Each of these timing files will have three columns:

1 Onset time, in seconds, relative to the start of the scan

2 Duration of the trial, in seconds

3 Parametric modulation(discuss later)

Next, we will condense the timing files for each run into a single file for each condition, which will be called explode.1D and cash.1D. The “1D” is a specification to AFNI; it indicates that the file contains the text information arranged in rows and columns.

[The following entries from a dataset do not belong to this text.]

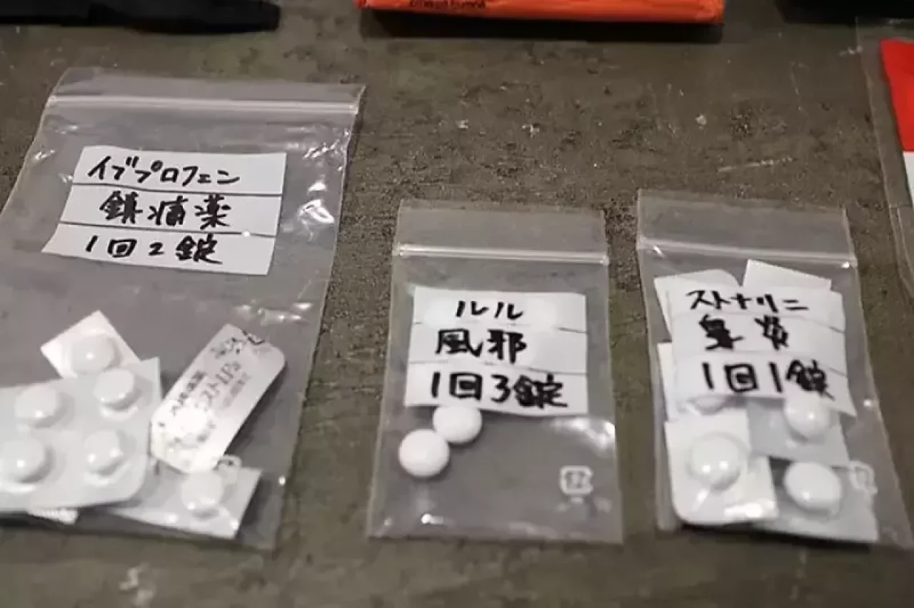 お腹を下しやすい、胃が弱い、花粉症がひどいなど、人によって必要となる内服薬をファーストエイドキットに加えます。
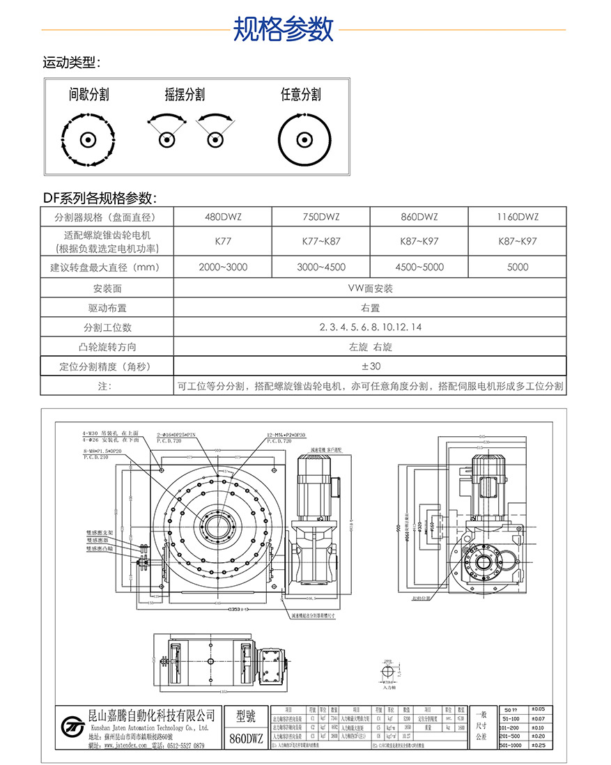 外观功能与平台桌面型相似,但DWT具有:大盘径旋转盘面且承受超大轴向负载 和垂直径向压力的特性。针对不同的型号,安装转盘直径范围:Φ2000~Φ5000mm,运转负 载范围:1T~8T之间,可满足重工行业的特殊性要求,此系列可工位等份分割,搭配螺旋锥 齿轮驱动,亦可任意角度分割,搭配伺服电机驱动形成多个工位的分度,满足客户多种要求, 输出轴同样具有大孔径空心轴,可将动力之源:电,油,气等管路置于空心孔内,目前广泛 应用于:汽车相关产业、检测设备、新能源设备、食品类设备、激光设备等重工行业。
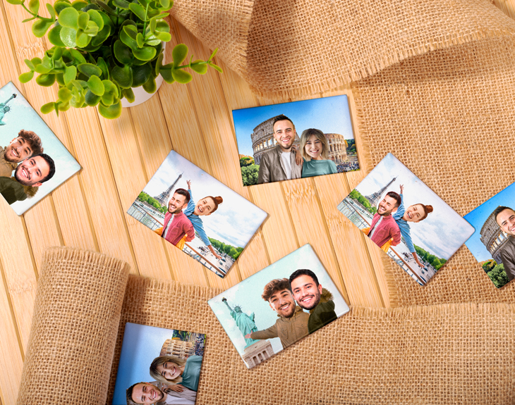¿Te gustaría imaginar un viaje a París, Roma o Nueva York? Este imán personalizado, resistente y decorativo para la nevera, te ayudará a hacer realidad ese pequeño gran sueño. Podrás elegir el diseño de tu ciudad favorita, añadir la cara que más te guste, la tuya o la de quien tú quieras y listo. Tendrás un recuerdo precioso de ese viaje soñado y maravilloso. Es un adorno para nevera muy pintoresco y original, y con sus caritas quedará genial. Seguro que a tus visitas les encantará tanto como a ti. Y quién sabe, quizá a esa persona le guste tanto el diseño que acabe organizando el viaje de verdad. Dale una oportunidad a la magia y crea tu imán con la ciudad que más te inspire. Este imán rectangular es duradero y perfecto para decorar tu nevera con estilo y personalidad. ¡Querrás coleccionarlos todos! Personalizarlo es súper fácil: solo tienes que añadir el imán al carrito y acceder al área de personalización. Desde allí podrás ver una vista previa del diseño y subir la foto que prefieras. Consejo útil: al hacer clic en “Editar” sobre la imagen principal, puedes eliminar el fondo de la foto para que la cara quede perfectamente recortada y encaje a la perfección en el diseño. ¡Quedará estupendo! Medidas: 6 x 9 cm.
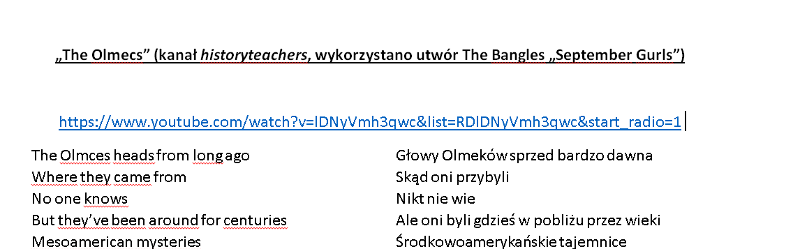 Dokument zawiera tłumaczenie piosenki kanału HistoryTeachers pt. The Olmecs, która wykorzystuje melodię piosenki September Gurls zespołu The Bangles. Pozwala lepiej zrozumieć zagadnienia związane z cywilizacją prekolumbijską.
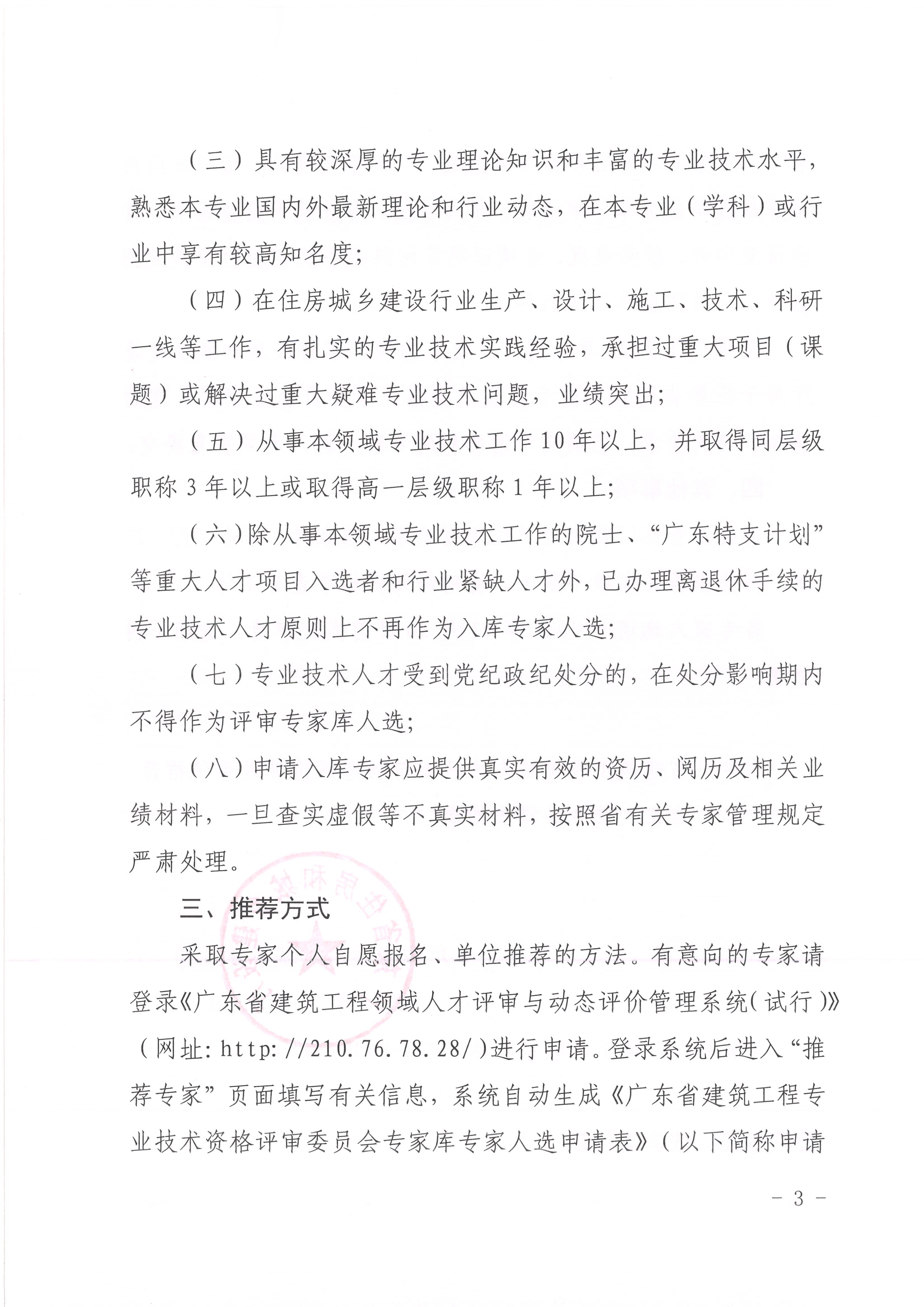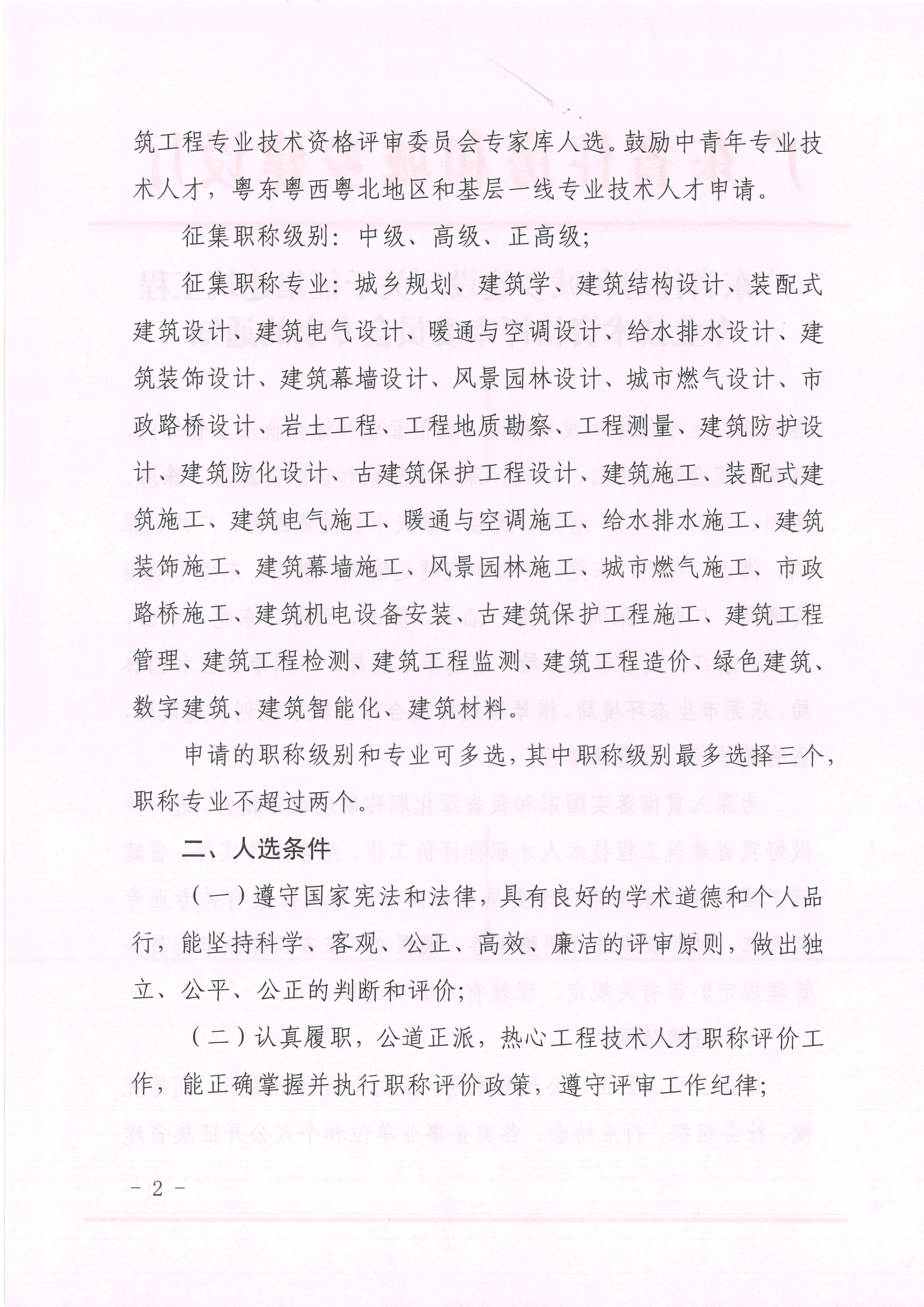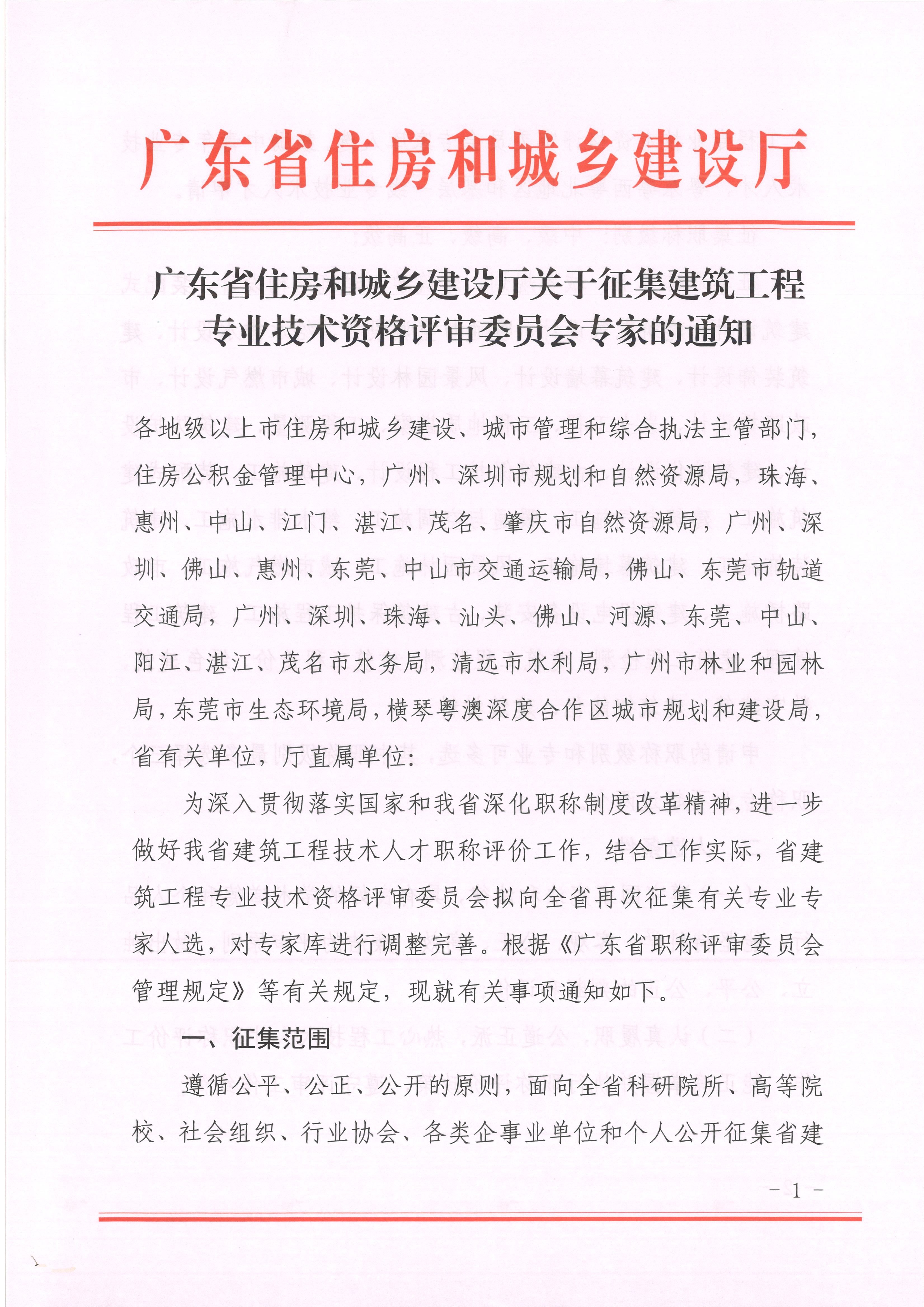 广东省住房和城乡建设厅关于征集建筑工程专业技术资格评审委员会专家的通知

Admittedly, we will do this by our hands but not every details. There is a script that can help us to create these timing files, you can copy this can create a script in the BART directory by a text editor and name it as timing.sh, and type bash timing.sh. If evertthong goes smoothly, This will create timing files for each run for each subject on the two conditions, and save them in each subject’s func directory. You will see “cash.1D”, “control.1D” as well as “cash_run1.txt” “control_run1.txt” from “sub-02/func/:

#!/bin/bash

#Check whether the file subjList.txt exists; if not, create it
if [ ! -f subjList.txt ]; then
        ls -d sub-?? > subjList.txt
fi

#Loop over all subjects and format timing files into FSL format
for subj in `cat subjList.txt` ; do
        cd $subj/func #Navigate to the subject's func directory, which contains the timing files

        #Extract the onset times for the explode and cash trials for each run.

        cat ${subj}_task-balloonanalogrisktask_run-01_events.tsv | awk '{if ($3=="explode_demean") {print $1, $2, "1"}}' > explode_run1.txt
        cat ${subj}_task-balloonanalogrisktask_run-02_events.tsv | awk '{if ($3=="explode_demean") {print $1, $2, "1"}}' > explode_run2.txt
        cat ${subj}_task-balloonanalogrisktask_run-03_events.tsv | awk '{if ($3=="explode_demean") {print $1, $2, "1"}}' > explode_run3.txt

        cat ${subj}_task-balloonanalogrisktask_run-01_events.tsv | awk '{if ($3=="cash_demean") {print $1, $2, "1"}}' > cash_run1.txt
        cat ${subj}_task-balloonanalogrisktask_run-02_events.tsv | awk '{if ($3=="cash_demean") {print $1, $2, "1"}}' > cash_run2.txt
        cat ${subj}_task-balloonanalogrisktask_run-03_events.tsv | awk '{if ($3=="cash_demean") {print $1, $2, "1"}}' > cash_run3.txt


#Now convert to AFNI format

        timing_tool.py -fsl_timing_files explode*.txt -write_timing explode.1D

        timing_tool.py -fsl_timing_files cash*.txt -write_timing cash.1D


        cd ../..
done

Once the timing files has been created, you are now ready to use them to fit a model to the fMRI data.

Homework

In order to understand the script bettwem, you can makde some modification to extract the information for pump, control trial and make the timing files.